I am trying to use regex in Java to extract contents out of a multiline string that is between 2 tags. For example, the content may look like this:
--_000_CAKETFEgg78oKKJPNySnxF4BgQoh9ifHP4XzXGeJddUvOtz5wmailgm_
Content-Type: text/plain; charset="iso-8859-1"
Content-Transfer-Encoding: quoted-printable
hello test
...
..
!@#!@%$#^%$&*^(*)*()
..
..
..
..
--_000_CAKETFEgg78oKKJPNySnxF4BgQoh9ifHP4XzXGeJddUvOtz5wmailgm_
Content-Type: text/html; charset="iso-8859-1"
Content-Transfer-Encoding: quoted-printable
hello test<br><br>..<br>!@#!@%$#^%$&*^(*)*()<br>.<br><br>.<br>.<br>.<br><br><br><br>.<br><br>
--_000_CAKETFEgg78oKKJPNySnxF4BgQoh9ifHP4XzXGeJddUvOtz5wmailgm_
I want to extract just the contents between the --_000_CAKETFEgg78oKKJPNySnxF4BgQoh9ifHP4XzXGeJddUvOtz5wmailgm_ boundaries.
I used a regular expression that looks like this: --_000_CAKETFEgg78oKKJPNySnxF4BgQoh9ifHP4XzXGeJddUvOtz5wmailgm_\n?[.\n]+\n?--_000_CAKETFEgg78oKKJPNySnxF4BgQoh9ifHP4XzXGeJddUvOtz5wmailgm_
But it doesn’t work. What should my regular expression be to extract the content? Also, when extracting, would the boundary tags be included together with the content?

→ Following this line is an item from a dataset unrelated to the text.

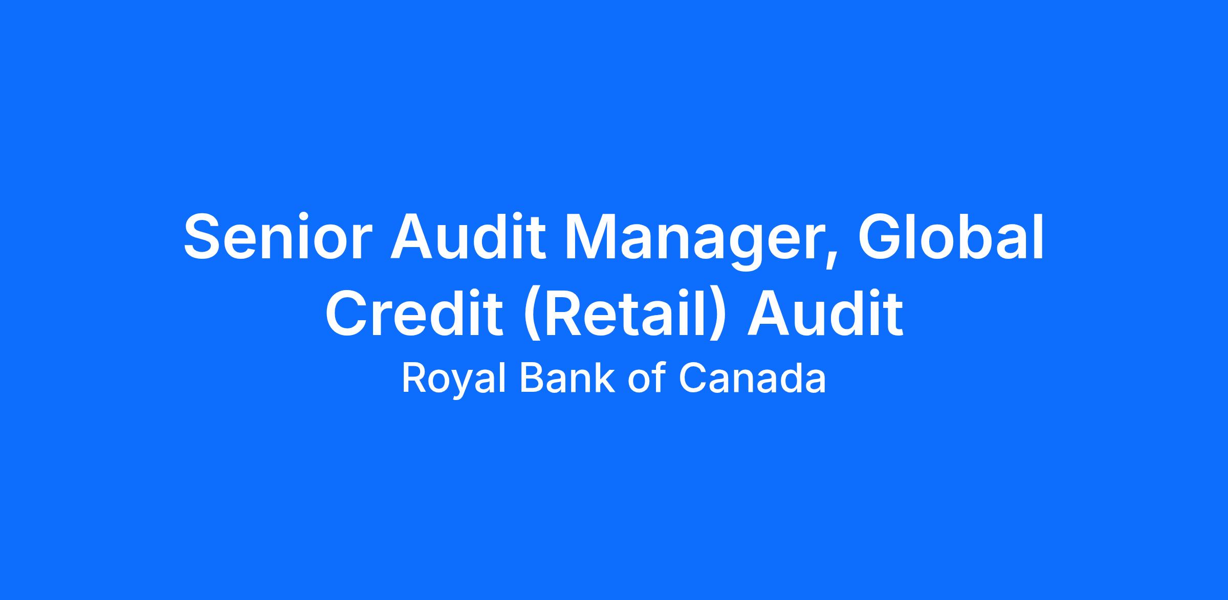 As a Senior Manager, Global Credit (Retail Credit) CoE – Internal Audit Services, you will provide independent, objective risk assessment and evaluation of the effectiveness of risk management practices, internal control and corporate governance processes related to Retail Credit Risk globally at RBC. Results ultimately impact key stakeholder relationships including management, regulators, shareholders, and customers.
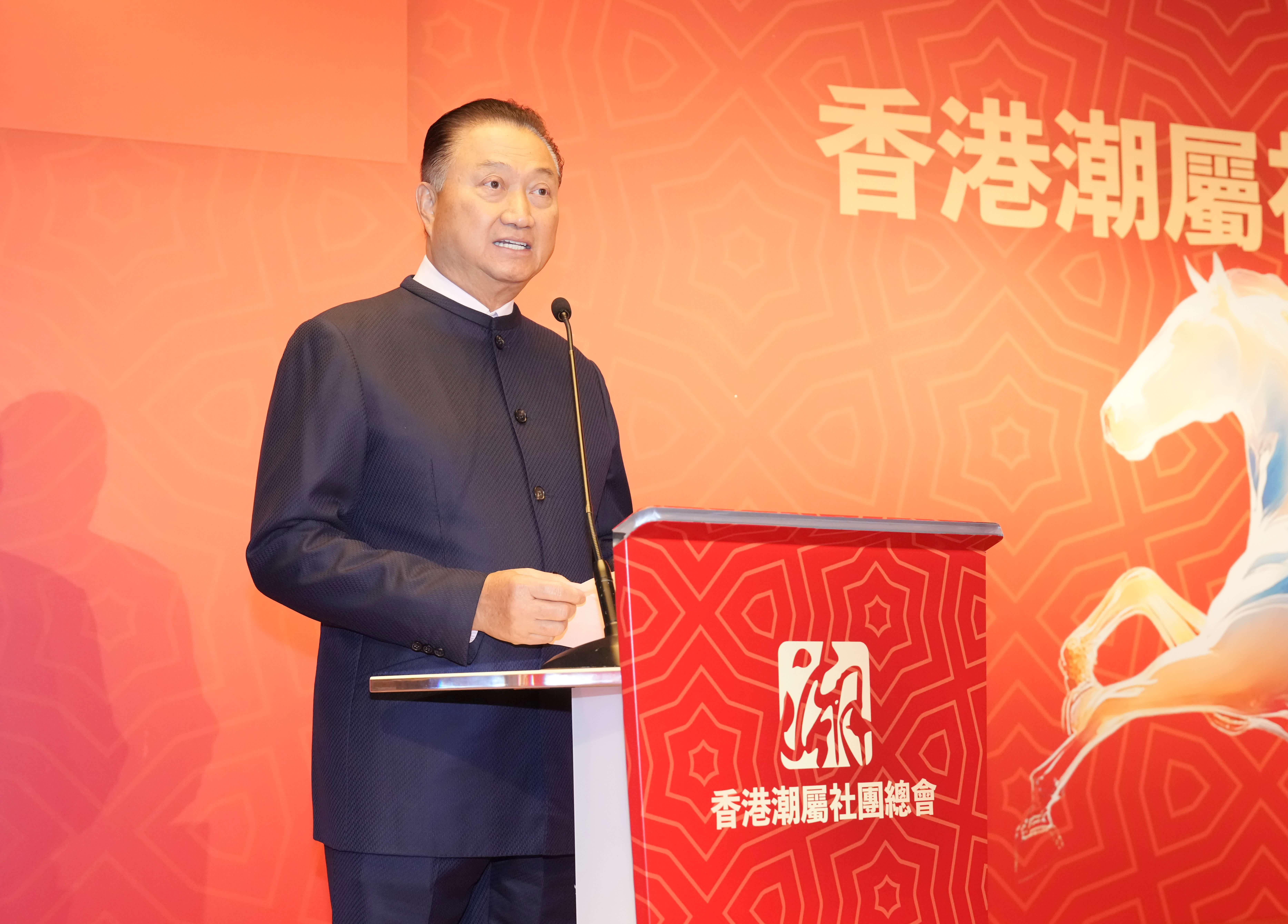 香港潮屬社團總會主席胡定旭致辭時表示,「老馬識途」是閱歷與沉澱,「龍馬精神」是奮鬥與擔當,潮總自陳偉南先生創會以來薪火相傳,各項工作離不開各方支持。潮總秉持「團結潮人、扎根香港、凝聚力量、攜手並進」的宗旨,推動潮州文化傳承,開展基層關愛、獎助學金等公益,鼓勵鄉賢參政議政,展現潮人家國情懷。2026年是國家「十五五」規劃開局之年,潮總將堅定擁護「一國兩制」,支持特區政府依法施政,發揮「內聯外通」優勢,擔當「超級聯繫人」「超級增值人」,講好中國故事、香港故事和潮人故事,助力香港融入國家發展大局,並推動青年傳承創新,續寫潮人事業新篇章。

I would highly recommend not to use regular expressions for parsing. They are not well suited for that. Just write a parser that iterates over your input, searches for the start tag, sets a flag, records all following lines, recognizes the end tag and resets the flag. Easily done and much more flexible than regex.